Jorge Luis Borges ha sido  el maestro relato corto o la transgresión de la realidad. En el libro “El tamaño de mi esperanza”,  ya contienen todo lo que el ciego de Rivadavia  sería después, una vez cruzados los zaguanes de Palermo;  algo menos acicalado, con demasiados giros criollos, es verdad, pero todo él, quisquilloso, dulcemente malévolo, punzante y rioplatense por las cuatro comisuras de la cutícula mezclada de niebla inglesa.

Esa fábula hecha esperanza  comenzó el año 1926, y el tiempo la matizó de tal forma, que solamente se mantiene en vilo el apego intrínsico a la tierra.  “A los criollos les quiero hablar- comienza su epístola pagana - : a los hombres que en esta tierra se sienten vivir y morir, no a los que creen que el sol y la luna están en Europa”.  

Cuando así se expresó tenía 27 años. Sesenta años más tarde, un 14 de junio de 1986, cansado del país de  Evaristo Carriego y su común “Bustos  Domecq”, pedía ser enterrado en Ginebra, lejos del rugido de la pampa, el compadrito díscolo, los caminos del Sur, la acera de enfrente, los árboles de Belgrano y el cielo grisáceo sobre Villa Ortúzar.

 Él necesitó casi la vida entera para saber con creces  que cierto sol y cierta luna, solamente están en las estribaciones de  la lejanía. O al otro lado del mundo. Escribía en castellano con la venia de su propio heterónimo Jorge Luis Borges y su alter ego Pierre Menard, mientras escarbaba, para encontrar palabras esdrújulas,  en un tal  apócrifo William Shakespeare.  

Aún así, siempre regresaba con puñados de cuentos  a su orillera ciudad.
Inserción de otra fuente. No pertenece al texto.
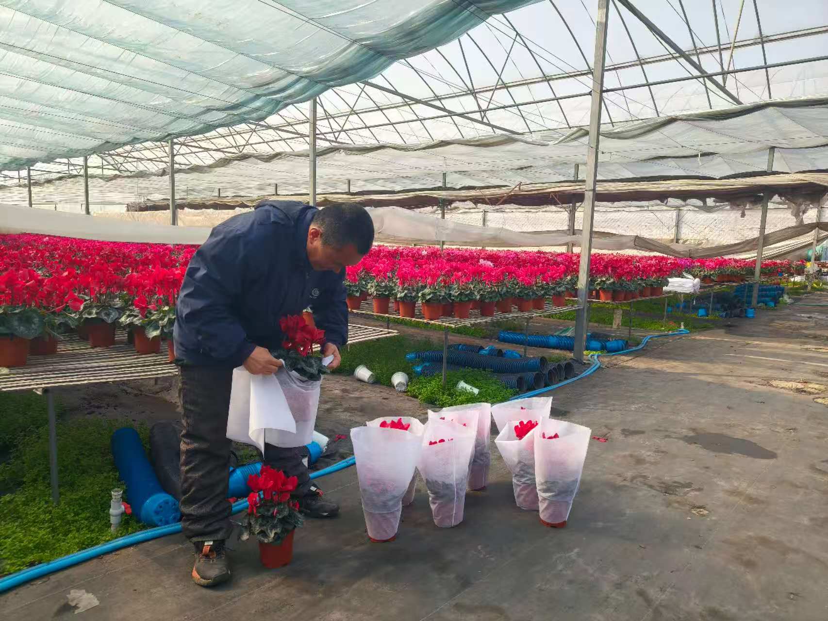 “鲜花传吉利,买几盆鲜花带回家过年,讨个新春好彩头。”2月13日上午,东台市梁垛镇红芳花卉种植家庭农场里,8个大棚连成一片,掀开厚实的门帘,暖湿的空气裹挟着花香扑面而来,眼前是一片烂漫花海。

Sentía por ella un amor celoso, y eso lo expresó bien cuando dijo: “Me gusta tanto Buenos Aires  que no me gusta que le guste a otras personas”.  

Es difícil, por no indicar imposible, separar en Borges la realidad de la fantasía.  Fue un contador de utopías por excelencia, y eso era una de las cualidades más admiradas en él.